An official ethics complaint has been filed against the Director of the FDA’s Centre for Drug Evaluation and Research by Amphastar Pharmaceuticals, the Wall Street Journal has reported.
The California-based generics firm claims approval of its generic version of Sanofi-Aventis’ blockbuster blood thinner Lovenox (enoxaparin) has been delayed by six years, while the company’s competitor, Momenta Pharmaceuticals, has had “special access” to the Director during the drug approval process of its generic version of Lovenox, which it submitted for approval two years later.
Amphastar claims Woodcock co-authored two journal articles with Momenta scientists during the same time the company was aiming for drug approval. The company also says one of the founders of Momenta, Ram Sasisekharan, was appointed to lead an FDA task force in 2008, which Amphastar claims put Momenta in constant contact with the FDA.

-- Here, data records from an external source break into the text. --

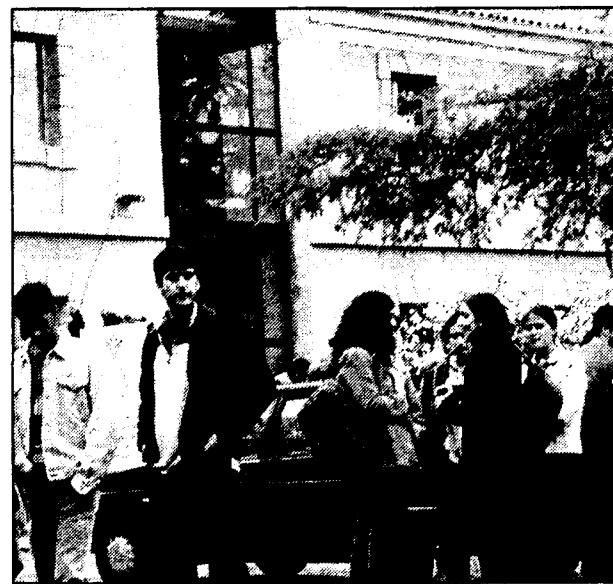
Azuqueca es una de las poblaciones más jóvenes de la región.

do talleres y cursos de todo tipo a lo largo de todo el año con el fin de cubrir la totalidad de las demandas juveniles, desde ecología, naturaleza, astronomía, cursos de percusión o escuela de aprendizaje de esquí, entre otros. Con un presupuesto de unos 5 millones de pesetas para el año 2000.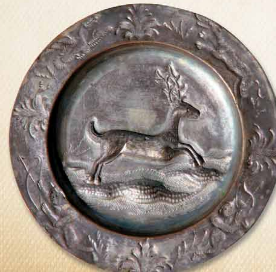
Блюдце с изображением оленя, двух охотников, собаки и птицы. 1830-е гг.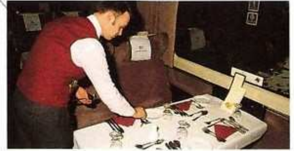
yemekli vagon | вагон-ресторан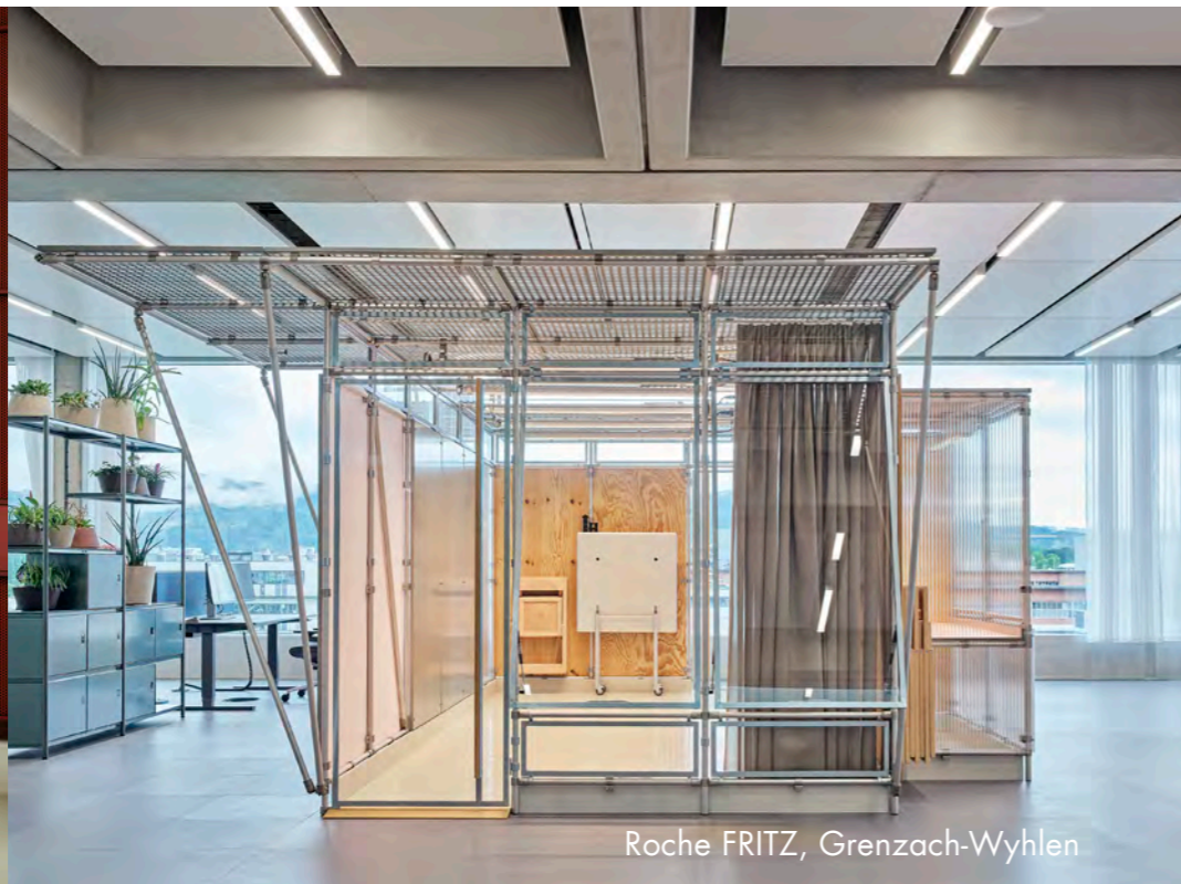
Roche FRITZ, Grenzach-Wyhlen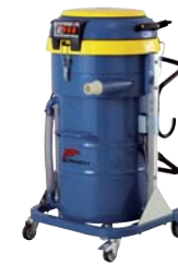
DM 35 OIL DM 40 OIL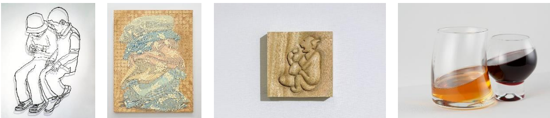
(左から) Shop No.5 今井みのり, No.6 アレックス・ダッジ, No.7 高山瑞, No.8 玉山拓郎の作品イメージ(参考画像含む)

中華×スペイン料理の人気レストラン TexturA には、同店と 4 回目のコラボレーションとなるアーティスト玉山拓郎が、グラスケース内に小作品の新作を発表します。 https://www.marunouchi.com/tenants/10121/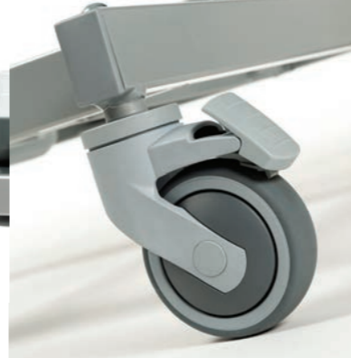
Solide ruote con freno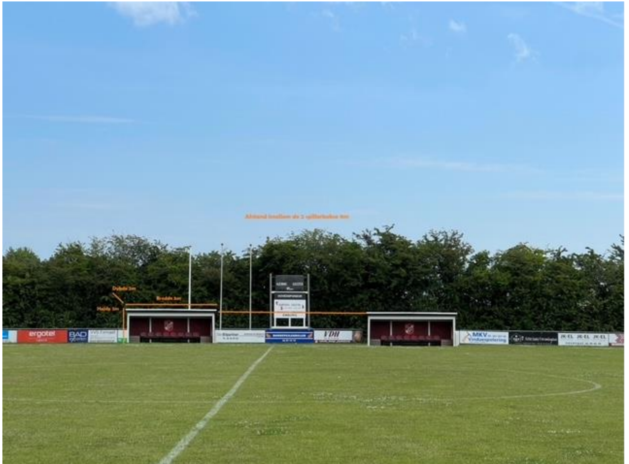
Billede 1. viser det eksisterende spillerskur til højre for måltavlen, og det ansøgte spillerskur til venstre for måltavlen.

Spillerskuret er lavet af trykimprægneret træ, heraf stolper og klinkbeklædning. Taget er tagpap.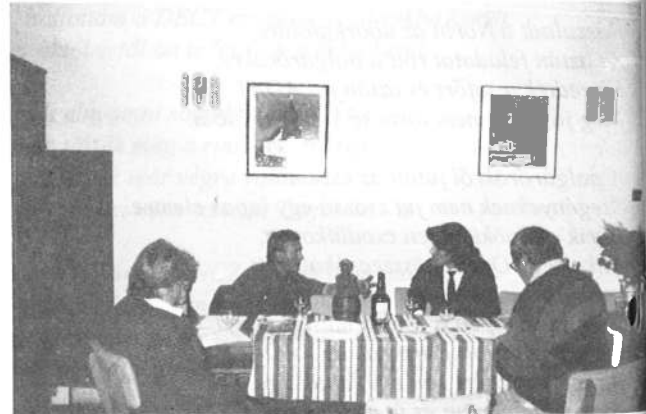
A borbírák munka közben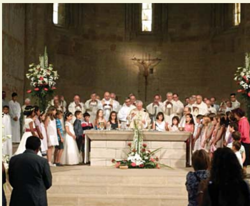
Missa i processó eucarística a la Seu Vella. Els arxiprests han imposat una creu als nens, "un signe de Jesús que us estima sempre".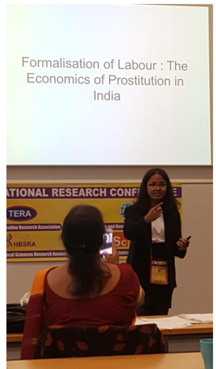
บรรยากาศในห้องประชุมใหญ่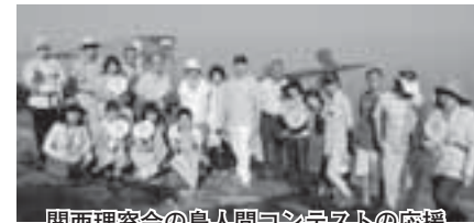
関西理窓会の鳥人間コンテストの応援

80年の歴史のある47都道府県の理窓会支部が親密な小集団によって受け継がれております。それぞれの支部によって、皆さんの活動に工夫が見受けられるようになりました。Facebookやメールの活用等によって日常的な活動が繋がる多極化ネットワークの時代になるでしょう。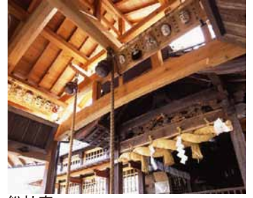
総社宮 総社市総社2-18-1 TEL:0866-93-4302 (開)境内自由 (休)無 (料)無 吉備路風土記の丘 (問合せ)総社市役所商工観光課 TEL: 0866-92-8200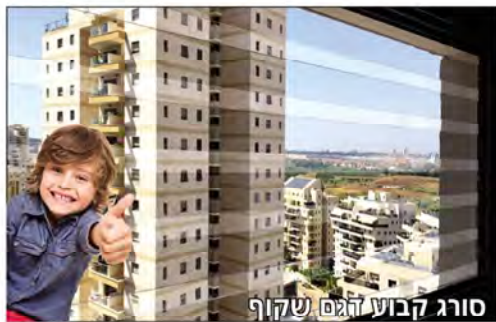
סורג קבוע זגם שקוף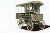
منذ قرن من الزمان ، وصل طراز LDV البريطاني ، والذي يعتبر البداية الأسطورية لـ ماكسوس V80

سوق المركبات التجارية الدولية بجهودها المستمرة للتوسع المبتكر. يتم الآن رؤيتها في جميع أنحاء العالم وهي معروفة باسم العلامة التجارية الدولية الأسطورية للمركبات التجارية في عام 2009 ، قامت شركة سايك موتور ، Fortune 500 في العالم ، بالاستحواذ الكامل على منصة تكنولوجيا شركات السيارات البريطانية والمثقفين ، قامت بالاستحواذ الكامل على منصة تكنولوجيا لشركات السيارات البريطانية وحقوق الملكية الفكرية لعلامة ماكسوس التجارية. تم تقديم ماكسوس إلى الصين وأطلق عليها اسم "da tango" بالصينية. هذه المبادرة لا تضع فقط علامة فارقة جديدة في تطوير المركبات التجارية في الصين ، ولكن أيضًا بشرت بإصدار جديد رائع من العلامة التجارية الأسطورية ماكسوس

Amphastar applied for approval of its generic drug in 2003, while Momenta did not submit applications for approval until two years later. However, the FDA rejected Amphastar’s application in 2007 citing more data was required but Momenta also had to submit additional data based on immunogenicity concerns.
An FDA Spokesman told the WSJ: “The FDA is aware of the situation, takes it seriously and is looking into the matter”.
Meanwhile, the Administration’s top medical device regulator Daniel Schultz is reported to be resigning after internal issues.